Combat in Fable III takes a few steps forward, and a few steps back, from previous Fable games.  Melee attacks and gunplay are more fluid and satisfying than any other game in the series, and each weapon has unique upgrades that can be unlocked, many of which require you to play the game in different ways.  There are plenty of weapons to purchase or find in the game, so you are bound to find several that fit your playstyle.

Magic attacks, on the other hand, have undergone a substantial overhaul, and the result is disappointing.  Each spell is assigned to a gauntlet that the player must equip, but there are only six different gauntlets to choose from, and only two can be used at a time (though they can be switched out at any time in the Sanctuary).  Some of the more interesting spells from previous games are either missing entirely from the game or have been turned into potions.  Compared to previous Fable games in which spells were more numerous and could be accessed more quickly, Fable III’s magic system feels very limiting.

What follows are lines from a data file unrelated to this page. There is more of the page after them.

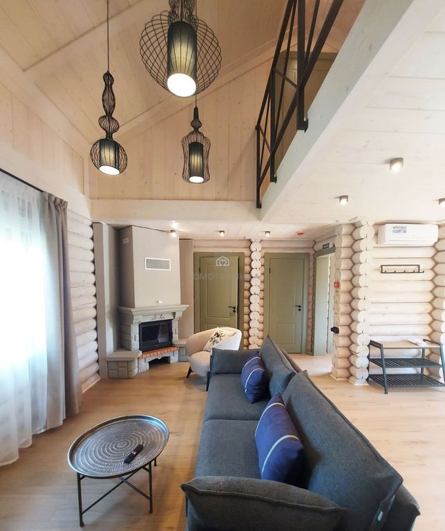 Угловой камин из желтого камня Sunrock, с каменной балкой.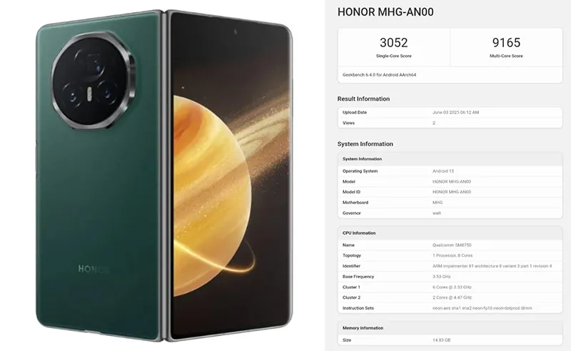 Honor Magic V5 ប្រើប្រាស់ឈីប Snapdragon 8 Elite និងប្រព័ន្ធប្រតិបត្តិការ Android 15
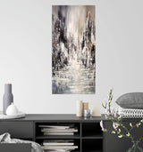 Sides of the canvas are painted grey, allowing it to hung with or without frame.

While the gameplay is a mixed bag, the artwork and the soundtrack are fantastic.  The world of Albion is as colorful and vibrant as ever, from cobblestone-paved Bowerstone, to the snowy cliffs of Mistpeak, to the untamed swamps of Mourningwood, and beyond.  These beautiful and varied landscapes are a delight to explore and remind me of why I fell in love with the Fable series in the first place.  Villagers are dressed in all manner of silly looking garb to complement their quirky, silly mannerisms.  Meanwhile, the playful orchestral score evokes a sense of wonder and curiosity as you wander through Albion’s many regions, contributing to the lighthearted tone of the game.  The overall atmosphere produced by the visuals and the music is one of Fable III’s highlights, and helps paper over some of the flaws found elsewhere in the game.


At the end of the day, Fable III is a good game: its great humor, gorgeous landscapes, and solid melee combat have been enough to keep me coming back to the game over the years for multiple playthroughs.  But attempts to streamline some of the game’s other mechanics takes away too much freedom from the player, and creates frustrating chores that mar the overall experience.   What stings the most, though, is that previous Fable games didn’t make these mistakes.  There was no need to re-invent the wheel; if Lionhead had kept what had worked in the past, this good game could have been a great one.